The New York Rangers ended the 2006–07 regular season as the Eastern Conference's sixth seed.

===Eastern Conference Quarterfinals: vs. (3) Atlanta Thrashers===
Entering the 2007 Stanley Cup playoffs, the New York Rangers had not won a playoff game since May 18, 1997, against the Philadelphia Flyers, having lost seven consecutive playoff games in that time span. They began the Eastern Conference Quarterfinals against the Atlanta Thrashers, a team making their first playoff appearance in franchise history.

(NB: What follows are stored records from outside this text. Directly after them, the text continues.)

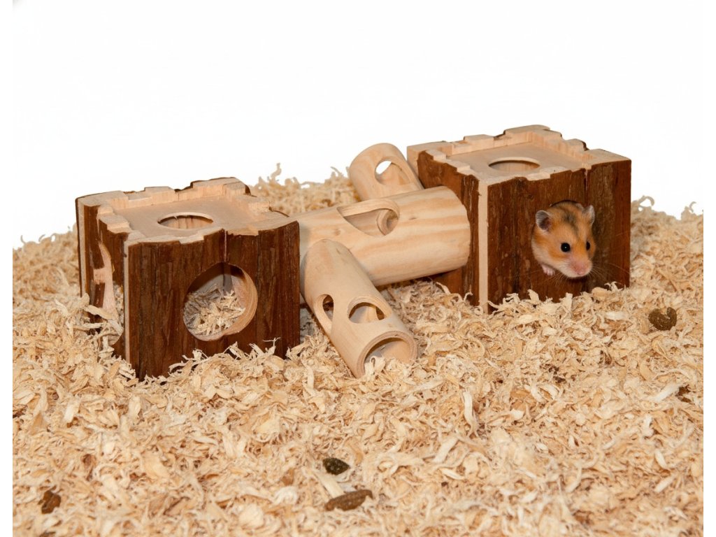 Dřevěná prolézačka s tunely pro křečka nebo myš. Členitá prolézačka z bezbečného přírodního materiálu, která vašeho hlodavce jistě zabaví.
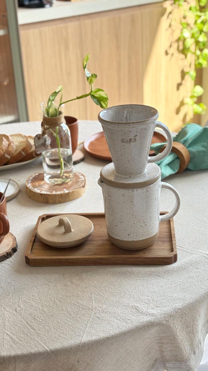 Produto em cerâmica na cor branca com detalhes nas bordas e tampa rústicos e na cor nude. Conjunto de filtro e bule.
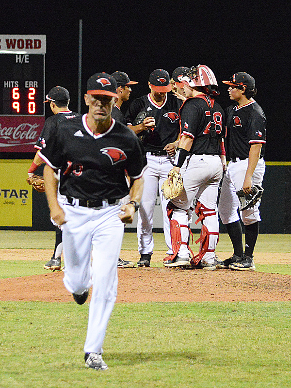 Incarnate Word coach Patrick Hallmark returns to the dugout following a pitching change during Thursday night’s game against Sam Houston State. – photo by Joe Alexander
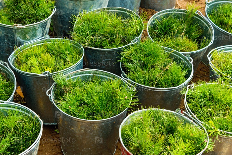 Саженцы сосны в жестяных ведрах, подготовленные к посадке

In front of a sellout crowd in Atlanta for Game 1, the Rangers struck first with a Jaromir Jagr goal 12:50 into the first period to take a 1–0 lead. Michal Rozsival added a power play goal four minutes later to extend the Ranger lead to 2–0. Atlanta's Eric Belanger tallied a power play goal in the first period's final minute to make the score 2–1 at first intermission. The Rangers held a two-goal lead two other times through the remainder of the game, but Atlanta cut the deficit back to one on both occasions, with their final tally coming from former Ranger Pascal Dupuis early in the third period. Atlanta pressured for the equalizer for the final minutes but could not beat Henrik Lundqvist for a fourth goal and the Rangers prevailed 4–3. Not only was the victory the Rangers first playoff win in nearly ten years, it was also the first time the Rangers won Game 1 of a playoff series since the 1994 Eastern Conference Semifinals against the Washington Capitals. In addition, the four goals scored by New York in Game 1 matched their four-game offensive output against the New Jersey Devils from the year prior.

Atlanta switched goaltenders for Game 2, giving the nod to Johan Hedberg over Kari Lehtonen. The Rangers would strike first again, this time on a fluke goal credited to Sean Avery. Avery dumped the puck into the offensive zone from the red line, causing Hedberg to leave the crease in order to play the puck behind the net. The puck caromed off the boards in a peculiar manner and ended up in the net. After the bizarre goal, the game settled into a goaltending duel between Hedberg and Lundqvist. Atlanta would tie the game five minutes into the third period on a goal by Ilya Kovalchuk. The Rangers, however, would prevail, winning on a Brendan Shanahan goal with four minutes to play.

Up 2–0 in the series, the Rangers returned home for Game 3, and the Atlanta Thrashers returned to Kari Lehtonen in net. The switch did not work, as the Rangers struck 32 seconds into the game and would not let up from there. Jaromir Jagr tied an NHL record with three assists in the first period as Michael Nylander scored twice and Marek Malik added another to give New York a 3–0 lead after one. Rookie Ryan Callahan scored twice in the second period (the first two playoff goals of his career), Brendan Shanahan added a power play goal midway through the third period, and Nylander completed the hat trick seven minutes later to seal a 7–0 Game 3 victory. The 7–0 victory was the first playoff shutout in Henrik Lundqvist's career and the largest margin of victory in a playoff shutout in franchise history.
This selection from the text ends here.